Муж смотрел на него с сочувствием.
— Да, вляпался ты конкретно.
— Зайчик, — сказала я мужу, — ты ведь юрист. Самый лучший в городе. Придумай что-нибудь!
Муз смотрел на него с надеждой.
Муж думал.
— Ох, не знаю, — сказал он. — Ситуация сложная. Лапка, будь добренькой, сделай чаю.
Я пошла на кухню. Чай нам всем действительно не помешает. Да и муза кормить пора, ведь бедняга голодал с античных времён, так пусть у меня хоть немного отъестся.
— Ты не смотри, что она так взъярилась, — донеслось из коридора. — Вообще-то она хорошая девочка, хотя и со своими странностями. Но творческие натуры все со сдвигом, тебе ли это не знать. Зато как она готовит чай! Это что-то божественное! Да и сама по себе девчонка суперская, только подожди немножко, пока угомонится.
Муз что-то тихо ответил. Слов я не разобрала, но голос звучал мрачно и безнадёжно.
— Всё разрулится, — успокоил муж. — Я обещаю.
— И его обещаниям можно верить, — добавила я.
Чай мы пили в кухне, болтали обо всякой всячине. Пока дело не доходило до писательства, муз был вполне приятным гостем — эрудированным, остроумным и вежливым.
Кстати, о вежливости.
— Извини, — сказала я, — это ужасное свинство, но ведь я так и не спросила твоё имя.
— А у меня его и нет, — ответил муз.
— Как нет? — не поняла я.
— Музам имена ни к чему.
— Подожди, но ведь были Терпсихора, Мельпомена и прочие.

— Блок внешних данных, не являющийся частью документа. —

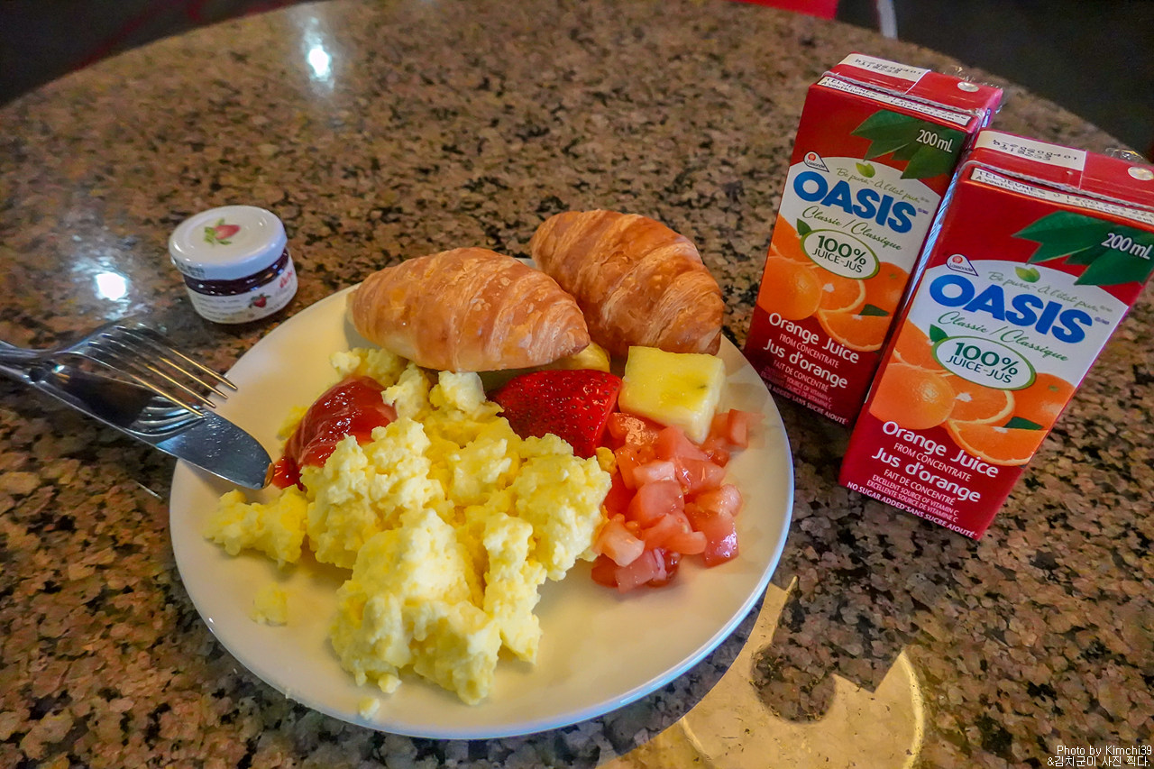 라운지에서 먹었던 아침 조식. 주스 기계가 있었지만, 주스 팩이 더 맛있어서 주스는 팩으로 ^^;;
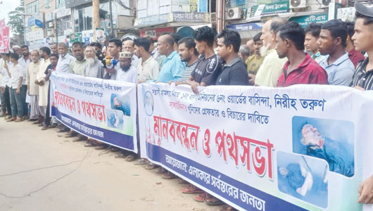 বড়লেখা উপজেলার বর্নি ইউনিয়নের বারহার গ্রামের দিনমজুর সালাহ উদ্দিন খুনের দুই মাস পরও হত্যাকান্ডের ক্লু উদ্ঘাটন ও প্রকৃত আসামি সনাক্ত করতে পারেননি মামলার তদন্ত কর্মকর্তা। সুষ্ঠ তদন্তের মাধ্যমে প্রকৃত অপরাধিদের সানক্তপূর্বক গ্রেফতার দাবিতে নিহেতর স্বজনসহ এলাকাবাসি রোববার দুপুরে বড়লেখা পৌরশহরে মানববন্ধন সমাবেশ করেছেন। পরে তারা থানার ওসির কাছে স্মারকলিপি প্রদান করেন। হত্যাকান্ডের শিকার দিনমজুর সালাহ উদ্দিনের ভাগ্নে ইকবাল জাফরের সঞ্চালনায় মানববন্ধন সমাবেশে বক্তব্য দেন স্থানীয় ইউপি সদস্য ছৈদ আলী, আব্দুল হালিম, ইউনিয়ন জামায়াতে ইসলামীর সভাপতি মুজিবুর রহমান, পৌর জামায়াতের সেক্রেটারী আব্দুস সামাদ, উপজেলা যুবদলের আহ্বায়ক আব্দুল কাদির পলাশ, নিহত সালাহ উদ্দিনের বাবা কমর উদ্দিন, চাচা পারভেজ আসুক, ছোটভাই আমির উদ্দিন, ভগ্নিপতি হাফিজ বেলাল আহমদ প্রমুখ। বক্তারা বলেন, ১৮ এপ্রিল রাত থেকে ১৯ এপ্রিল বিকেলের যে কোনো সময় নির্মমভাবে সালাহ উদ্দিনকে খুন করে রাতখাল নদীতে ফেলে দেয়া হয়। স্থানীয় জনসাধারণ ভাসমান অবস্থায় তার লাশ দেখে স্বজনদের খবর দেন। এঘটনায় নিহতের ভাই আমির উদ্দিন অজ্ঞাতনামা আসামি করে থানায় মামলা করেন। মামলার প্রেক্ষিতে তদন্ত কর্মকর্তা এসআই আব্দুর রউফ হত্যাকান্ডে জড়িত সন্দেহে চারজনকে আটক করেন। কিন্তু রহস্যজনক কারণে আফজাল হোসেন ব্যতিত অন্য তিনজনকেই তিনি ছেড়ে দেন। ২৪ এপ্রিল সালাহ উদ্দিন হত্যা মামলায় গ্রেফতার দেখিয়ে আফজল হোসেনকে আদালতে সোপর্দ করে তিনি রিমান্ড প্রার্থনা করেন। নিহতের ব্যবহৃত মোবাইল ফোনটি আফজল হোসেন কুড়িয়ে পেয়েছে দাবি করে সিএনজি চালক মামুন হোসেনকে ফোন দিয়ে নিশ্চিত হয় ফোনটি নিহত সালাহ উদ্দিনের। স্বজনদের প্রশ্ন প্রতি রাতে মামুন হোসেন দিনমজুর সালাহ উদ্দিনকে নিয়ে বিয়ানীবাজারে গ্যাস আনতে যেত। ওই দিন কেন সে তাকে নেয়নি। ঘটনার রাতে যে বাড়িতে সালাহ উদ্দিন ভাত খেয়েছে তাকে তদন্ত তর্মকর্তা আইনের আওতায় নেননি কেন। মামুন হোসেনকে থানায় আটক করা হলেও মুচলেকায় কেন তাকে ছেড়ে দেওয়া হল। নিহতের স্বজনরা মামলার তদন্ত কর্মকর্তার বিরুদ্ধে মামলার ব্যাপারে কোনো ধরণের সহযোগিতা না করার অভিযোগ করেন। বড়লেখা থানার ওসি (তদন্ত) হাবিবুর রহমান, জানান দিনমজুর সালাহ উদ্দিন হত্যার সুষ্ঠ তদন্ত, ক্লু উদ্ঘাটন ও প্রকৃত অপরাধীদের সনাক্ত করে গ্রেফতারের দাবীতে নিহতের স্বজন ও এলাকাবাসি রোববার দুপুরে থানায় একটি স্মারকলিপি দিয়েছেন। এর পরিপ্রেক্ষিতে এই মামলার তদন্ত কর্মকর্তাকে পরিবর্তন করে দেওয়া হতে পারে।

— Они и сейчас есть, — усмехнулся муз. — Только ни для кого другого, кроме Аполлона, не работают. Вот он и снабдил их именами, чтобы все видели, какой он крутой творец.
— Если ты не против, — сказал муж, — мы будем называть тебя Игорь. А то неудобно разговаривать с безымянностью.
— Как вам угодно, — пожал плечами муз.
Ни радости в голосе, ни обиды, зато явственно слышится какое-то напряжение и даже некоторая виноватость. С чего бы только?
Ночевать муз, разумеется, остался у нас. Я постелила ему в зале на диване, дала новую зубную щётку и полотенце, снабдила мужниным банным халатом и тапочками.
А сама решила в подробностях расспросить супруга о причинах его внезапного сочувствия к античному приблудышу.
Муж долго увиливал, но всё же разговорился.
— У меня есть брат, лапка. Младший. Точнее — был брат. Со вчерашнего дня о нём можно говорить только «был». Он наркоман, лапка. Давний наркоман. Он… Там даже на человека ничего похожего уже не осталось, настолько всё… Никаких отношений ни со мной, ни с родителями он не поддерживал года четыре, не меньше. Поэтому я ничего тебе о нём и не говорил. Знаешь, когда мы ещё совсем детьми были, Игорёха под лёд провалился. Тогда я его вытащил. А вот сейчас не смог, — муж запнулся, вытер слёзы. — Днём из милиции позвонили. Завтра надо идти опознавать тело. Менты сказали — передоз. Лапка, я не хочу, не могу видеть и знать, что Игоря больше нет. Этот твой муз… Он очень похож на моего брата. И точно так же тонет в полынье. Только теперь я могу его вытащить. И… Ну не виноват Игорь ни в чём! Он не дурак и не слабак, как все о нём говорили. Просто ему не повезло. А мне не хватило сил. И… Я не хочу знать, что мёртвое, прогнившее от наркотиков тело в морге — это мой брат! Игорь не должен был умирать раньше меня. И тем более, так умирать!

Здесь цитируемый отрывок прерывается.